2. Educate employees on the signs of cyberattacks
Ransomware attacks can often begin with a phishing email, urging employees to click on suspicious URLs that are embedded with malicious attachments or links. If employees mistakenly click the link in a phishing email, they should immediately shut off their device and notify their IT department.
Training and education are crucial for employees to help them understand when and how they are being targeted. This training should be frequent, instructing them on what to look for in an email and how to identify that it may be of risk. Sending test emails can also help to arm them and help them identify a dangerous email.
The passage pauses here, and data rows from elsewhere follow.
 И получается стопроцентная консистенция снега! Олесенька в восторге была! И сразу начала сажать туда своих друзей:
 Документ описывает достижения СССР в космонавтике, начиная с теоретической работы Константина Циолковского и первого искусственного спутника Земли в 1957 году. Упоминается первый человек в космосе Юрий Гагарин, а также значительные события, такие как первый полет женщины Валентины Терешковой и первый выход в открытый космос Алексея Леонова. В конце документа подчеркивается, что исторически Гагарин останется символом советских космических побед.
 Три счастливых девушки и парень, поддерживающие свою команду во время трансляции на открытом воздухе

Additionally, cybercriminals may perform test runs to better identify weaknesses within the network prior to launching a full-scale attack. Through frequent employee-security awareness training, employees must understand what the signs are for these threats and be able to report them if any are spotted.
Hackers can utilize software programs to steal credentials and break into the network. Any signs of software-removal programs that were not previously installed on the computer by an IT professional can be a sign of a hacker attempting to remove security software to easily access the network.
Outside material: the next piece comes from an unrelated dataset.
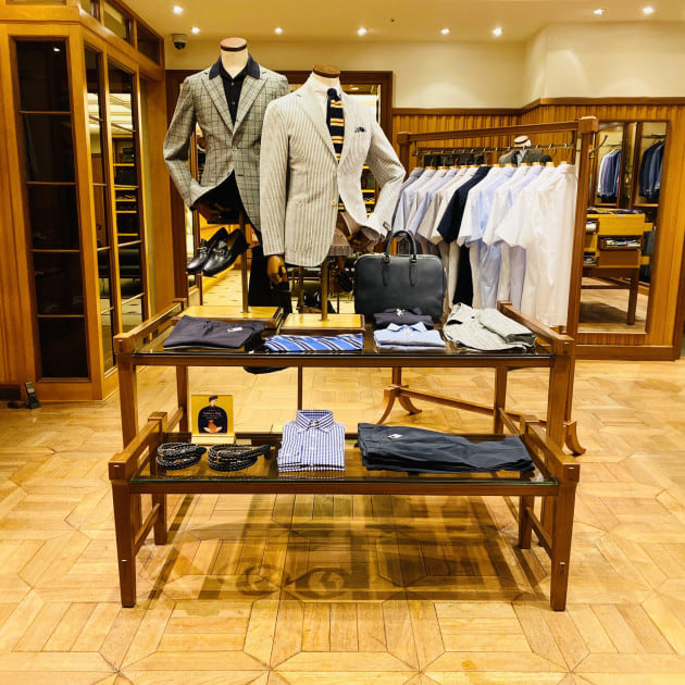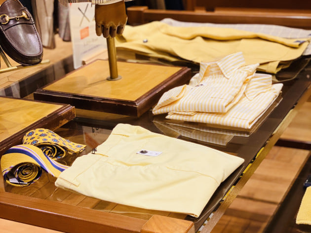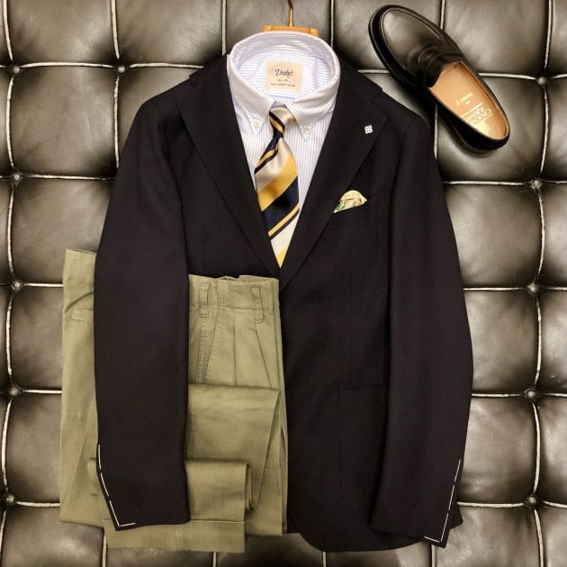 爽やかなシアサッカースーツスタイル。シンプルながら洒落た色遣いとこなれたサイジング。敢えてアメリカンに寄せすぎず、微妙にずらしているところも非常にモダン。さすがのバランス感覚です。
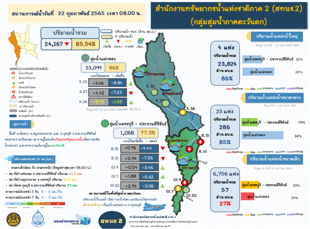 รายงานสถานการณ์น้ำ วันที่ 22 กุมภาพันธ์ 2565

Once a computer is infected by a ransomware attack, users will receive an error message, informing them that their files have been encrypted. This message is typically a warning, urging users to pay to retrieve their personal files including photos and other documents.
3. Arm your business
With a ransomware attack occurring [so often these days], it has never been more important for an organization to find a solution that helps protect its information from cyber intruders. This means that anyone and everyone are at risk for having their data held for ransom.
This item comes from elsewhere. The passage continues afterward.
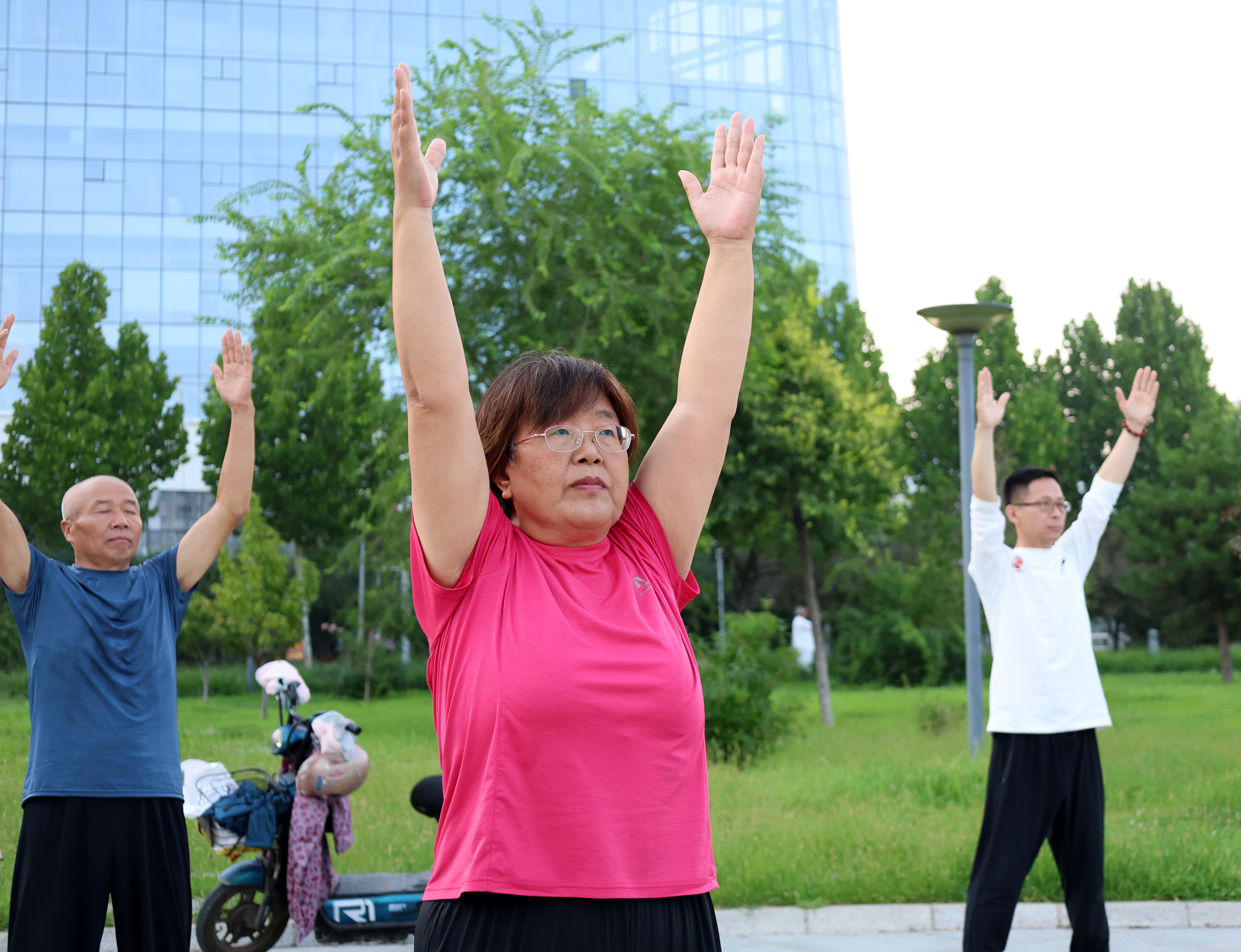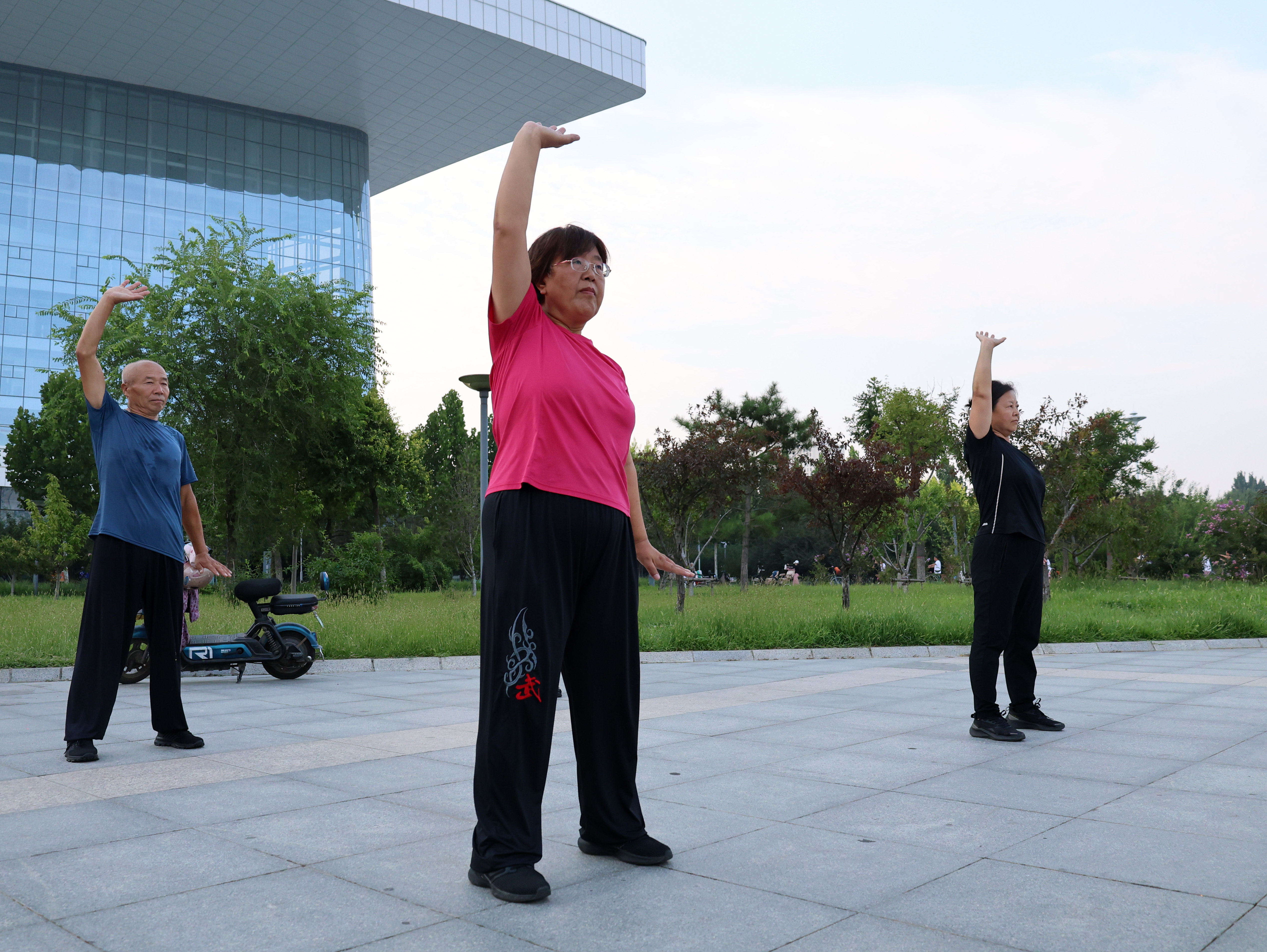 “两手托天理三焦,左右开弓似射雕,调理脾胃须单举,五劳七伤往后瞧……”8月23日,在衡水市区九州广场上,一群精神矍铄的老人正舒缓地练习八段锦,队伍最前端的盛淑玲格外引人注目。她的动作松静自然,一招一式都充满着无限张力。

Businesses should invest in the latest generation of anti-malware software such as CrowdStrike, Carbon Black, and the latest versions of Symantec and McAfee to help protect their data. These software solutions offer protection against a computer virus. Companies should also consistently update their software on servers and user computers with the latest security patches. Firewall-software updates should also be made. Ensure current backups cannot be encrypted and introduce network and computer-based intrusion-prevention systems to ensure strong security against cyberattacks.
Finally, technology alone will not reduce the risk of a ransomware attack. Organizations must have updated policies and procedures such as incident-response plans, disaster-recovery plans, and data-breach plans in place to be prepared when an attack will occur. Various state laws such as the New York Shield Act and New York State Department of Financial Services Cybersecurity Regulation require that all companies in New York comply. Rehearsing for these instances enable employees and IT professionals to become as prepared as possible to avoid any phishing emails and identify immediate steps for when a ransomware attack occurs.
Protect yourself and your employees
Cyberthreats are unavoidable for businesses of all sizes. The interconnectedness of businesses through the use of the Internet presents a tremendous risk of a cyberattack. Understanding the risks and the signs of a ransomware attack, properly educating employees, and arming the network with software that is updated and preventive can help you ensure that you and your employees’ data is as safe as possible from a cyberthreat.
John Roman, Jr., is president of FoxPointe Solutions and the chief information officer at The Bonadio Group.